Requirement: Output, exactly as written, the lines below starting at the line containing "Kathimerini: Erdoğan sınırları" and ending at the line containing "Contém uma combinação". Drop the pictures and keep both end lines.

Given records:
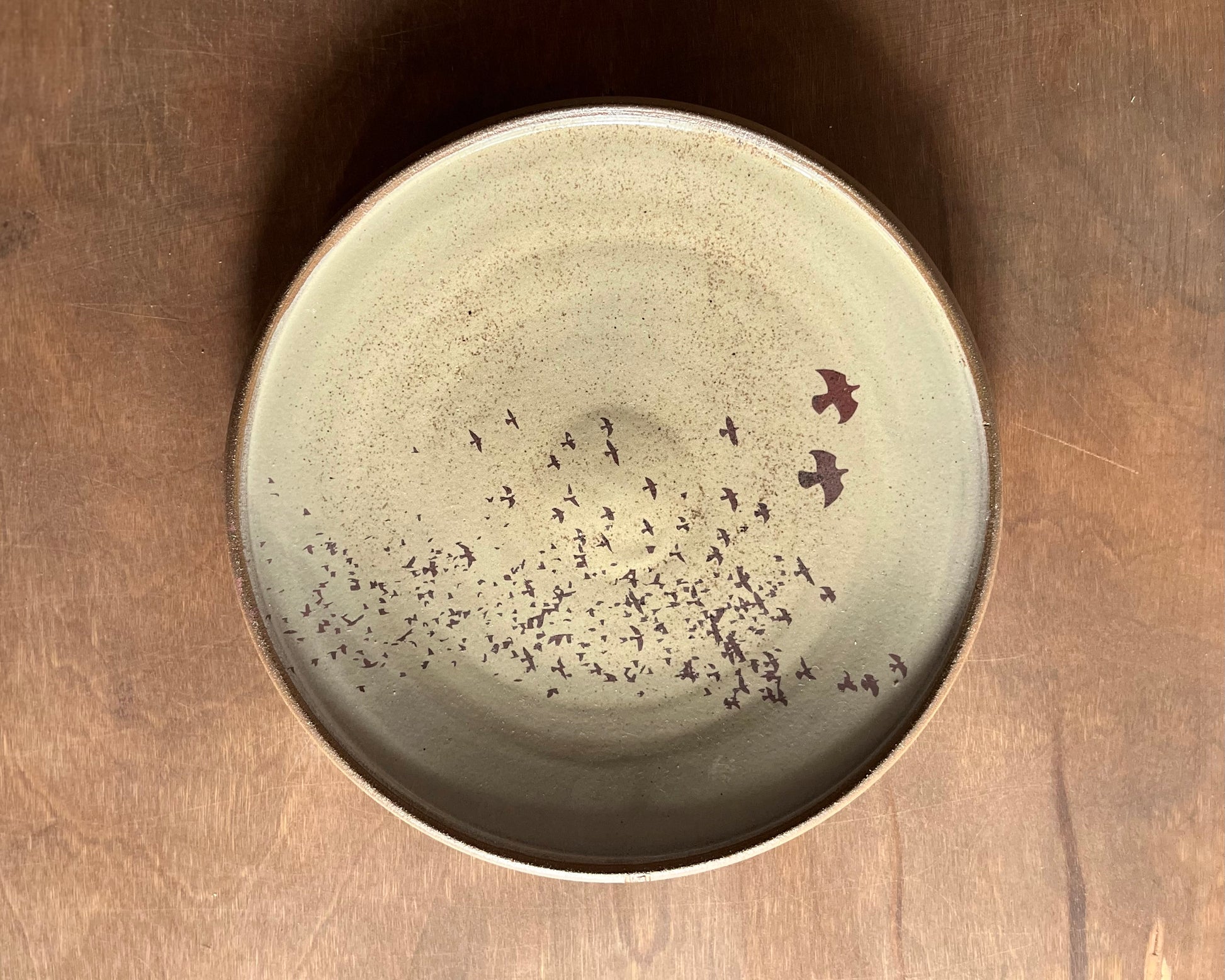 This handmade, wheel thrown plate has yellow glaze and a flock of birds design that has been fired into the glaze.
--
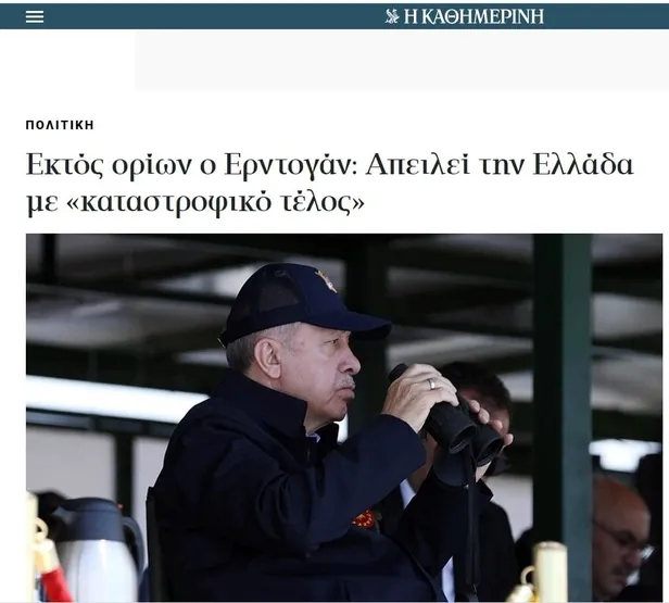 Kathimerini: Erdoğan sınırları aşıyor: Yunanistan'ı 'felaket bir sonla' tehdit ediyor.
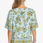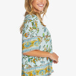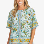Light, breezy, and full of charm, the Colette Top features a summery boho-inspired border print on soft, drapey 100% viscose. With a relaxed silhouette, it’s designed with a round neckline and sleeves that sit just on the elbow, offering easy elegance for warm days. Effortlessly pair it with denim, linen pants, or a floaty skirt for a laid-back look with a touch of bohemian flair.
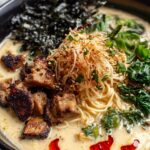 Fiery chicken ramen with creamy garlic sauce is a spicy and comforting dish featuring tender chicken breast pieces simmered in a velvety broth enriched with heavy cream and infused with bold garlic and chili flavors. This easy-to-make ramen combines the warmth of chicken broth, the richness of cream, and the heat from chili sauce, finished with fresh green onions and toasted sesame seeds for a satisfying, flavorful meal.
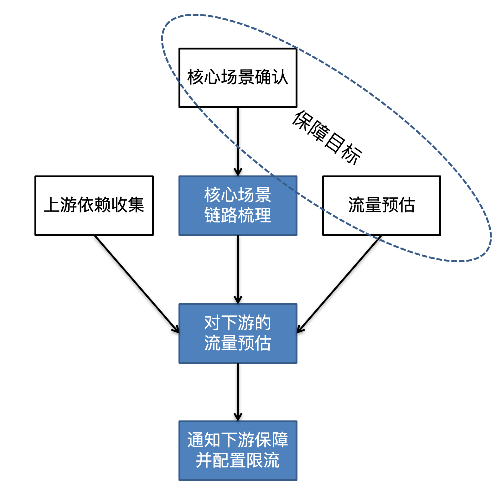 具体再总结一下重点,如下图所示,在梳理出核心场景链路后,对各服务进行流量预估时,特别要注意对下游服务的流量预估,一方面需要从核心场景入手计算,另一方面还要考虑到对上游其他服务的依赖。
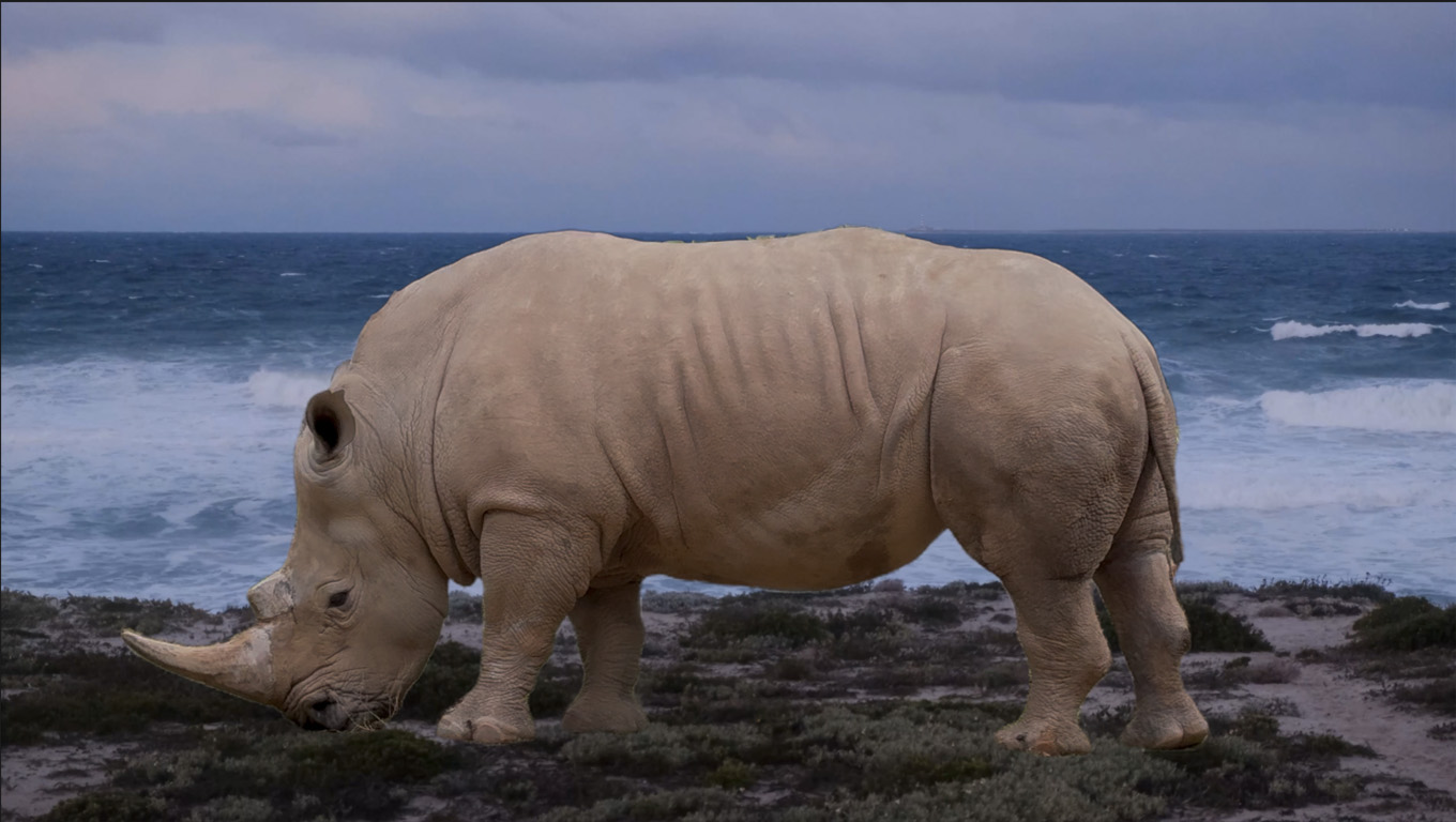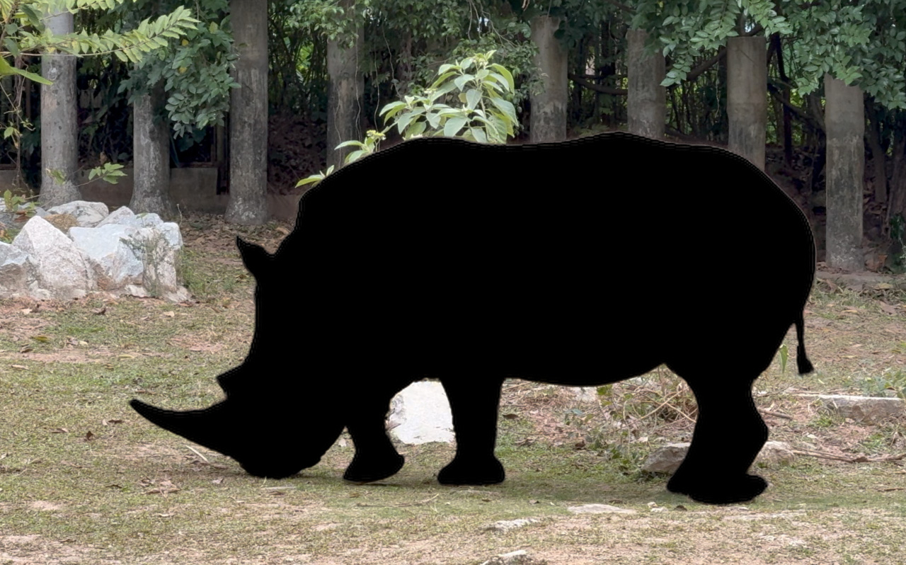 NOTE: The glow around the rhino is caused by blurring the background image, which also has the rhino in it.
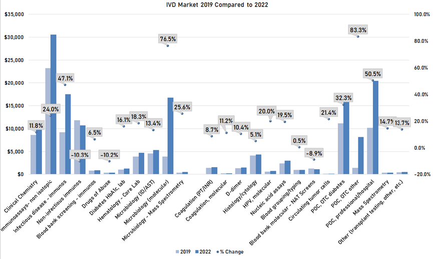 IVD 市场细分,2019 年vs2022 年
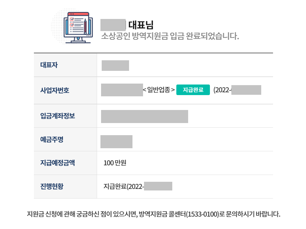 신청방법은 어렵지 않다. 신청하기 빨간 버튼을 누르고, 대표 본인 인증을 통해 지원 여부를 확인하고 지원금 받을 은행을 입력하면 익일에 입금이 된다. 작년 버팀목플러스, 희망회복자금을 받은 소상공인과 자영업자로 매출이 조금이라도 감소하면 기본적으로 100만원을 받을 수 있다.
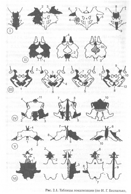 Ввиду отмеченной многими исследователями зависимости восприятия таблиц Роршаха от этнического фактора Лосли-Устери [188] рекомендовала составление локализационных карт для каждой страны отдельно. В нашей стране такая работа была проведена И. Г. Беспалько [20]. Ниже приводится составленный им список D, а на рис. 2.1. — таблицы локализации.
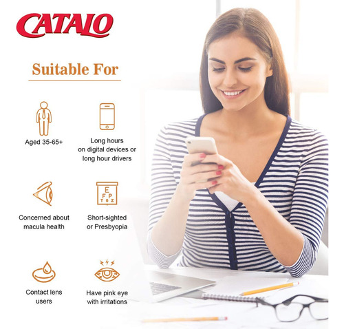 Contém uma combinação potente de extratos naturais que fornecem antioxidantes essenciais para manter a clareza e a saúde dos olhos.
==
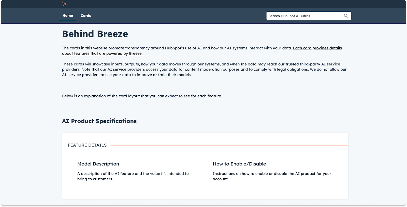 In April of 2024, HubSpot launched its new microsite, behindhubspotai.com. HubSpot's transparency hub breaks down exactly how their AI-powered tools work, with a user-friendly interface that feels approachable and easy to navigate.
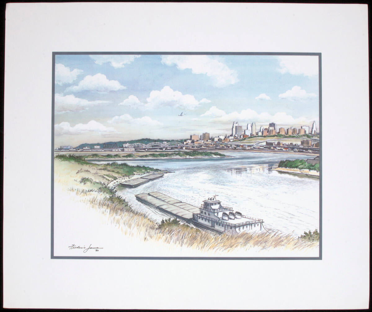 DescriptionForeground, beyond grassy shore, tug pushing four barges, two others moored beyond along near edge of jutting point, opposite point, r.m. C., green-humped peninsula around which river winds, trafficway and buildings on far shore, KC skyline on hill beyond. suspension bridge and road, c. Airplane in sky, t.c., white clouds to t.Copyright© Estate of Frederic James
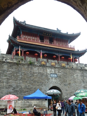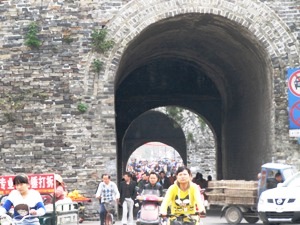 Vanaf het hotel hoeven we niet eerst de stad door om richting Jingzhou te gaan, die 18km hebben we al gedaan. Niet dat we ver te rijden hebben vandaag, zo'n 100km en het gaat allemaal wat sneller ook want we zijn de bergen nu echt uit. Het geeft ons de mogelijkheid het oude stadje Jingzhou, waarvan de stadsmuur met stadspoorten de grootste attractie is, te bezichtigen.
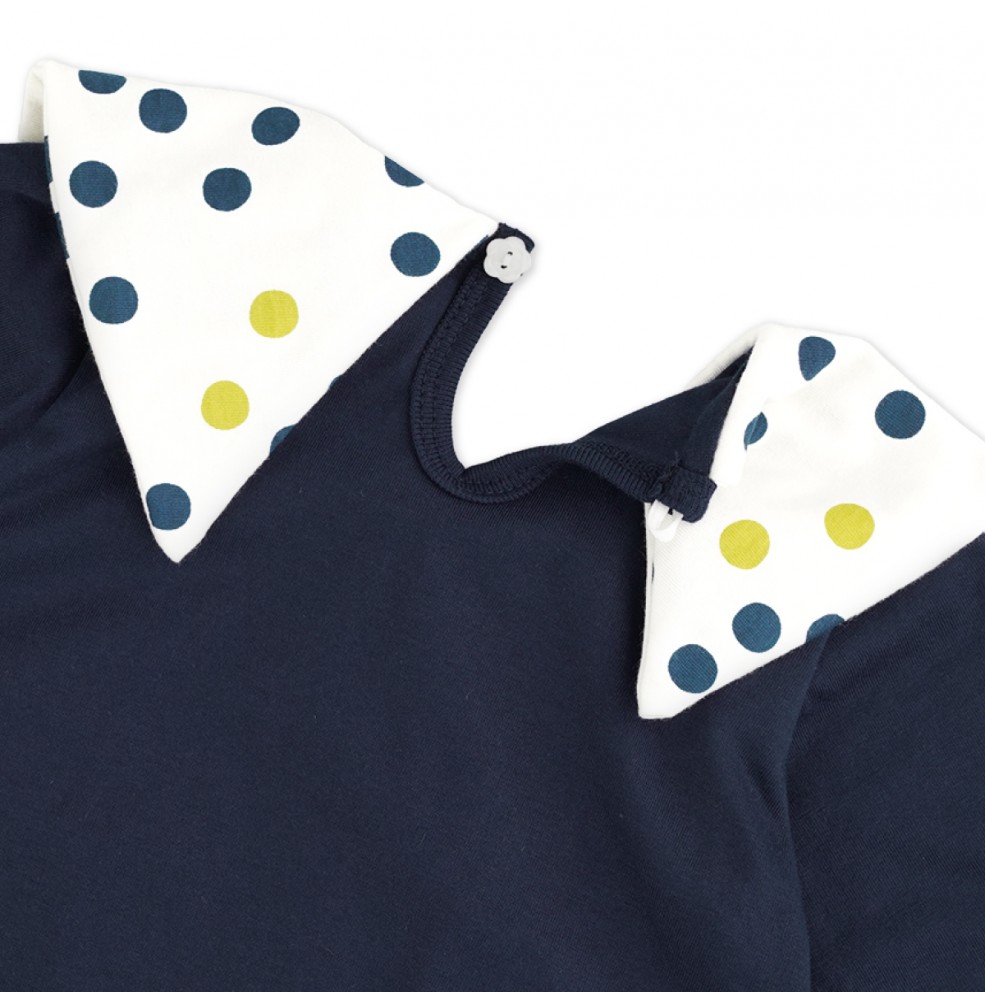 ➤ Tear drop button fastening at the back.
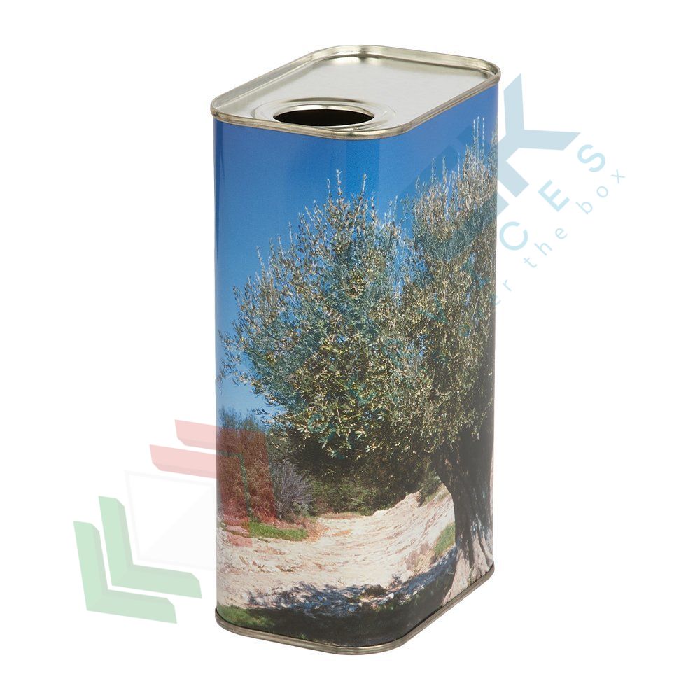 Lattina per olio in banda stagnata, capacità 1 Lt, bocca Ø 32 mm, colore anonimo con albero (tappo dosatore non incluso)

Exercise output:
 Kathimerini: Erdoğan sınırları aşıyor: Yunanistan'ı 'felaket bir sonla' tehdit ediyor.
Light, breezy, and full of charm, the Colette Top features a summery boho-inspired border print on soft, drapey 100% viscose. With a relaxed silhouette, it’s designed with a round neckline and sleeves that sit just on the elbow, offering easy elegance for warm days. Effortlessly pair it with denim, linen pants, or a floaty skirt for a laid-back look with a touch of bohemian flair.
 Fiery chicken ramen with creamy garlic sauce is a spicy and comforting dish featuring tender chicken breast pieces simmered in a velvety broth enriched with heavy cream and infused with bold garlic and chili flavors. This easy-to-make ramen combines the warmth of chicken broth, the richness of cream, and the heat from chili sauce, finished with fresh green onions and toasted sesame seeds for a satisfying, flavorful meal.
 具体再总结一下重点,如下图所示,在梳理出核心场景链路后,对各服务进行流量预估时,特别要注意对下游服务的流量预估,一方面需要从核心场景入手计算,另一方面还要考虑到对上游其他服务的依赖。
 NOTE: The glow around the rhino is caused by blurring the background image, which also has the rhino in it.
 IVD 市场细分,2019 年vs2022 年
 신청방법은 어렵지 않다. 신청하기 빨간 버튼을 누르고, 대표 본인 인증을 통해 지원 여부를 확인하고 지원금 받을 은행을 입력하면 익일에 입금이 된다. 작년 버팀목플러스, 희망회복자금을 받은 소상공인과 자영업자로 매출이 조금이라도 감소하면 기본적으로 100만원을 받을 수 있다.
 Ввиду отмеченной многими исследователями зависимости восприятия таблиц Роршаха от этнического фактора Лосли-Устери [188] рекомендовала составление локализационных карт для каждой страны отдельно. В нашей стране такая работа была проведена И. Г. Беспалько [20]. Ниже приводится составленный им список D, а на рис. 2.1. — таблицы локализации.
 Contém uma combinação potente de extratos naturais que fornecem antioxidantes essenciais para manter a clareza e a saúde dos olhos.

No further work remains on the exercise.